**TASK DESCRIPTION:** Pictures in the listing below are skipped, while the lines from the "Vela Perfumada Alecrim" line through the "Bredbandskoordinatorer på studiebesök" line are returned word for word.

**TASK INPUTS:**
====
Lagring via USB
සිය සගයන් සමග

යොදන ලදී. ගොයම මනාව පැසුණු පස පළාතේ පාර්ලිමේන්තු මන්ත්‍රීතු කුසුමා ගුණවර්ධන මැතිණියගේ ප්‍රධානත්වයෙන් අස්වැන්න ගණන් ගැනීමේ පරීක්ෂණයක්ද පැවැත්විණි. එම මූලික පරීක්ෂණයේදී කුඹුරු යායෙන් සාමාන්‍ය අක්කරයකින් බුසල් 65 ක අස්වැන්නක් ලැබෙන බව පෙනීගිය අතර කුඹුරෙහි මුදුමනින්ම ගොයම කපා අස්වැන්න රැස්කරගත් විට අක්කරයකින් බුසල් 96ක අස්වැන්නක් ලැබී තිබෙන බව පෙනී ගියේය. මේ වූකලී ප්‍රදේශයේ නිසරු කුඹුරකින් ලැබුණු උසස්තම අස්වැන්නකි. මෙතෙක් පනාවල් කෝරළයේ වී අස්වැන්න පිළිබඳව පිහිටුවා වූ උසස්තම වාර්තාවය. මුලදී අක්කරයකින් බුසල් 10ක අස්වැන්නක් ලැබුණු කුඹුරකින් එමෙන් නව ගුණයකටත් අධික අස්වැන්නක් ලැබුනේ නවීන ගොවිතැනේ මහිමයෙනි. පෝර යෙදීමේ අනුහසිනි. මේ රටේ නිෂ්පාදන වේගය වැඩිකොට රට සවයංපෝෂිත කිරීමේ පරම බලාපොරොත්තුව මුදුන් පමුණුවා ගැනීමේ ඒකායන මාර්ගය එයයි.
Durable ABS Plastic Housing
====
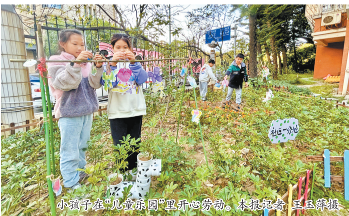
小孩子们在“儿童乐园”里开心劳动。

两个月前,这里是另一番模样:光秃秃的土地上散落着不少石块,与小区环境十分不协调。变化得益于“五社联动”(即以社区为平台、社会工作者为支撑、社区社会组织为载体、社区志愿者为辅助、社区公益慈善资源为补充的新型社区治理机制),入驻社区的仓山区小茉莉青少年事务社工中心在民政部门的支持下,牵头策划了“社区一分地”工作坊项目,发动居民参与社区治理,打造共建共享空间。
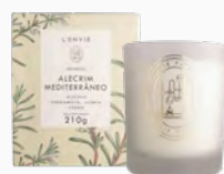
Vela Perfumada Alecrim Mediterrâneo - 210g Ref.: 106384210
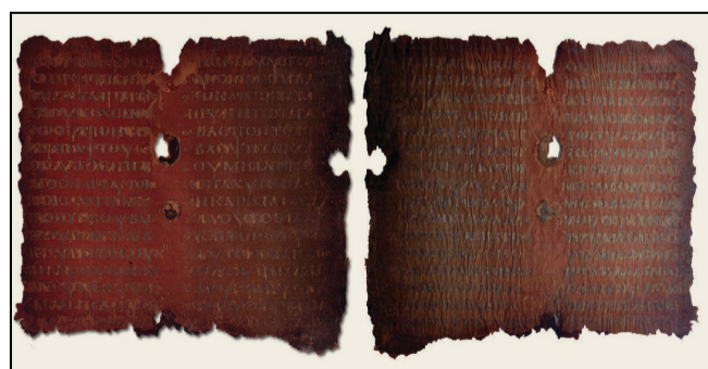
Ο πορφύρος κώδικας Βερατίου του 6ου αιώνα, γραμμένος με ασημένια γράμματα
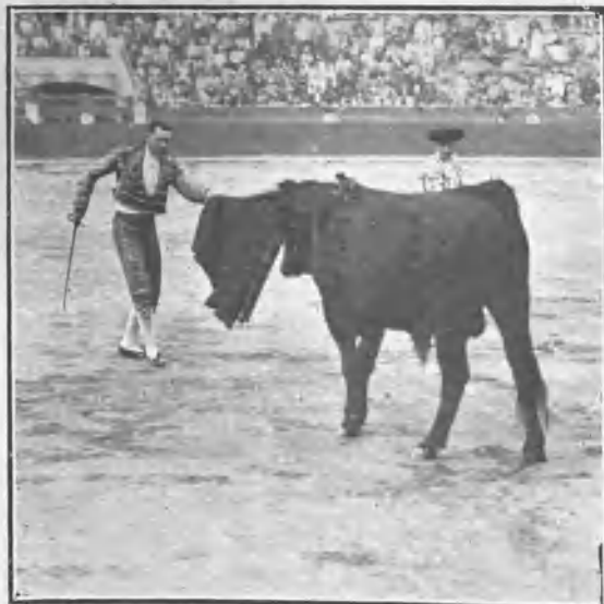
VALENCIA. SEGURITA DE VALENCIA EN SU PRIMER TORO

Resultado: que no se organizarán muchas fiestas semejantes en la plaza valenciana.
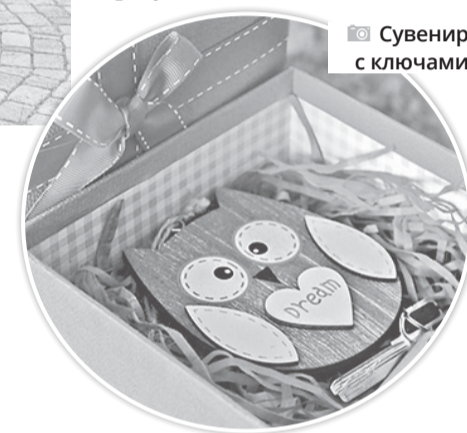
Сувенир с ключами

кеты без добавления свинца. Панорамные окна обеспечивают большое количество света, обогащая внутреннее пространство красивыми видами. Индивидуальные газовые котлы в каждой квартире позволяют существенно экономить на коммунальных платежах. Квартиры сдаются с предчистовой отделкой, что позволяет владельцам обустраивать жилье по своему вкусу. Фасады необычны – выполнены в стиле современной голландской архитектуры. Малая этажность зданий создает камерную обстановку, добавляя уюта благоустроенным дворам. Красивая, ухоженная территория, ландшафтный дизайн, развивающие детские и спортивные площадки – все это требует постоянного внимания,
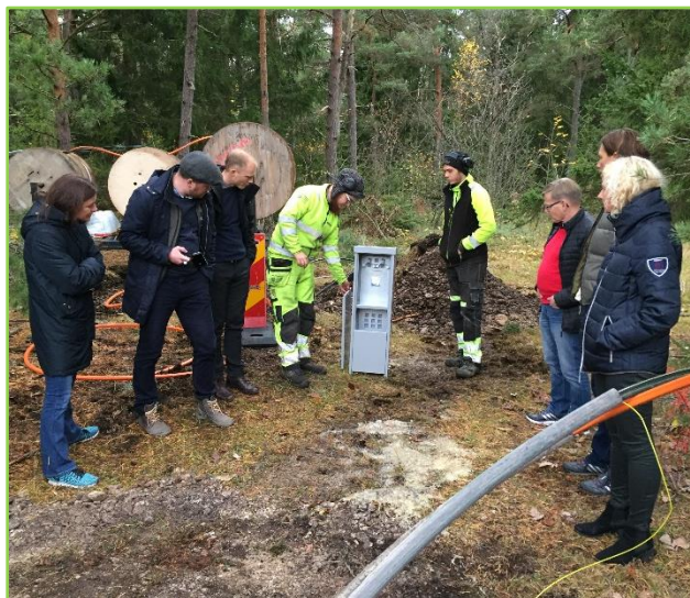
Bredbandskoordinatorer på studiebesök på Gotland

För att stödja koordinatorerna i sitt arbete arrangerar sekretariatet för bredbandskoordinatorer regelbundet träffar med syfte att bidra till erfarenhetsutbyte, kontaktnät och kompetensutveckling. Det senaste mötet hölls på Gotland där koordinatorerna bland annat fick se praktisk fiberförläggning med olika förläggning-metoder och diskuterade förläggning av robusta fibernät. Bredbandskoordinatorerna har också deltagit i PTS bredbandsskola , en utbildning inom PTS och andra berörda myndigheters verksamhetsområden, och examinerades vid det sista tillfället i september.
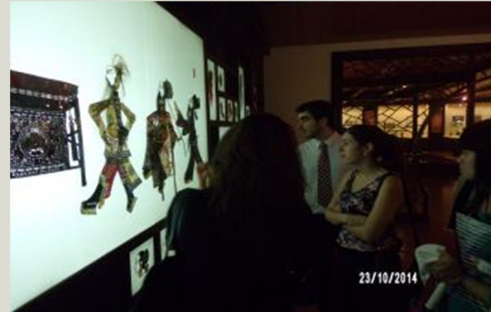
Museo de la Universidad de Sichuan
====
**TASK SOLUTION:**
Vela Perfumada Alecrim Mediterrâneo - 210g Ref.: 106384210
Ο πορφύρος κώδικας Βερατίου του 6ου αιώνα, γραμμένος με ασημένια γράμματα
VALENCIA. SEGURITA DE VALENCIA EN SU PRIMER TORO

Resultado: que no se organizarán muchas fiestas semejantes en la plaza valenciana.
Сувенир с ключами

кеты без добавления свинца. Панорамные окна обеспечивают большое количество света, обогащая внутреннее пространство красивыми видами. Индивидуальные газовые котлы в каждой квартире позволяют существенно экономить на коммунальных платежах. Квартиры сдаются с предчистовой отделкой, что позволяет владельцам обустраивать жилье по своему вкусу. Фасады необычны – выполнены в стиле современной голландской архитектуры. Малая этажность зданий создает камерную обстановку, добавляя уюта благоустроенным дворам. Красивая, ухоженная территория, ландшафтный дизайн, развивающие детские и спортивные площадки – все это требует постоянного внимания,
Bredbandskoordinatorer på studiebesök på Gotland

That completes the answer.